Раз как-то слышу: стонет. Кошек и собак здесь нету, приподнял я голову, а это старичок наш, "подданный великой державы", Лукич, свернулся под одеялом калачиком и всем своим телом нет-нет и вздрогнет. Поразило это меня насквозь. Тогда я виду не выказал. Только уж не мог спокойно глядеть на Лукича, на бороденку его, на птичью его шею. Такая к нему жалость.

Откудова человеку такая жалость? Больней это больной боли.

Мне Сотов рассказывал, как здесь живут наши. Не знал, - век не поверил бы. Проживает тут русский, Медведков, бывший большой мильонер. Кой-какие денежки его лежали в здешних банках. Приехал, значит, на готовенькое. Купил домик, а домики тут, как конфетки. Так вот этот Медведков взял к себе в услужение другого бывшего мильонера, Карасева, уж пожилого человека, в сединах. Приходился ему дальней родней. А капитал у этого Карасева в России в революцию фукнул. Остался и наг и бос. Уж как попал сюда, - неизвестно. К родственничку, - зятьком что ль приводился, пробрался. Вот зятек и устроил его себе в лакеи, подавать чай. Так он ежедневно такую над ним манеру: нажмет кнопку и ждет. Тот явится, - стоит, стоит у дверей, а зятек знай ликеры сосет, задеря ноги, ни единого слова. Раз до трех этак. Потом скажет: - подай мне ботинки!

Сотов тоже из богачей, но приятный. Были у его отца в Петербурге мучные лабазы. Смели все. И старика расстреляли. А сын бегает тут, - комиссионером от водочного завода. Весь день в бегах. За день набегает этак на кусок хлеба. Был он и у Медведкова: не принял. Жена у него милая, тихая, одно слово, - русская женщина. И живут они в комнатенке, что рядом с нашею переплетной, наверху, где семейные. Целый день она не выходит.

Большой мне Сотов приятель.

А я вот научился переплетному делу. Мы двое: о. Мефодий и я. Ну, разумеется, работать приходится больше мне. У о. Мефодия свои дела.

Удивительный это человек.

Теперь мы шрифты приобрели для корешков, русские. Я в этом деле нахожу даже вкус. Главное, чтобы не тесно вязать, и чтобы книга раскрывалась свободно. Теперь переплеты у нас хоть на выставку.

О. Мефодий принимает заказы. У него знакомства. Всякие у нас заказчики. Есть и писатель, уж много лет здесь проживает, ему я переплел всю библиотеку. Очень приятный человек и заплатил. Вообще, книг русских печатается много, и работа есть. Как-никак, - на кусок хлеба.

Эх, все бы, кажись, хорошо, кабы хоть малая весточка. У меня в России семья и невеста. Уж я и писал и людей просил. А теперь Россия, что темная ночь. Уж и не знаю, придется ль увидеть кого.

Очень я скучаю по родине.

Бывает, - хоть головой о косяк. До того вдруг здешнее станет в противность.
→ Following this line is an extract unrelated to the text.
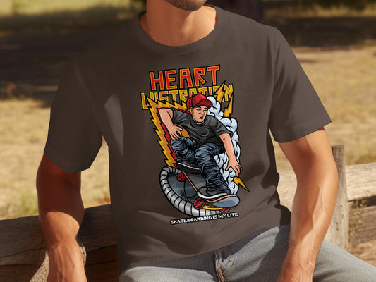 Skateboarding Is My Life Graphic Tee, Cool Skateboarder Illustration Shirt, Trendy Skateboard Graphic T-Shirt, Streetwear

Как-то ездил я в центр города к одному человечку получать за переплеты. Три часа просидел на стуле. Бегают люди, а я сижу. В четвертый раз так-то. Плюнул и ушел.

Проходил я в тот день по улице, где лучшие магазины. Автомобили, люди, шум, гам. Непривычному человеку пожалуй не вытерпеть. За зеркальными стеклами манекенщицы в модных платьях: кофей на столиках, и арапчата при них в голубых куртках. Правда, товар везде великолепнейший. Я понимаю толк: до того тут все удивительно, такая прочность. Уж если сапоги - так это сапоги, если сукно - сукно, гвоздь - гвоздь. Здешняя нитка крепче нашей крученой веревки. Купишь булку, - в такую завернут бумагу, что не раздерешь руками.

Вот вижу, у самого края, перед зеркальными окнами, стоит автомобиль. Длинный, новенький, ясный, весь как чайная ложечка. Внутри обит розовым шелком. Шоффер в картузе, розовый. За спиной у шоффера, рядом с этакими часиками, цветы в особой трубке с водою, - белые розы. И сидит в автомобиле, завалясь в уголок, девица или дама, мисс или мистрисс, - тоже вся в розовом и смеется: вечернее солнце ей в открытый ротик заглянуло, розовый ротик, розовый язычок, а зубки белые, вострые.

И до того я вдруг возненавидел эту самую мисс или мистрисс, даже пересохло во рту. Валялась у нас на дворе в навозе березовая зимняя оглобля. Так я эту оглоблю вдруг вспомнил. Оглоблей бы в розовый ротик!

Так это пришло для меня неожиданно, что я даже испугался себя. Побежал и про себя думаю: вот-те и большевик! Потом-то самому стало смешно.

Очень нас, русских, здесь презирают, и очень это тяжело. Тут-то еще ничего, тут нас мало. А вот, где глаза намозолили, говорят, очень не сладко. А за какую такую провинность? Говорят нам: предатели! А кто нам судья? Да и как ответить, кто предавал, а кто нет. Зачем же всех под один гребешок.

А тут именно так: - "Русский?" - Русский! Ну, и не впускать его! В роде, как чумные.

И не приходится спорить. Да и как спорить: кто станет слушать? Пропадешь, - ну, и пропадай на здоровье. Сдыхаешь, - ну, и сдыхай, сделай милость!

Тут человеку погибнуть самое распростое дело. И не единая не заметит душа.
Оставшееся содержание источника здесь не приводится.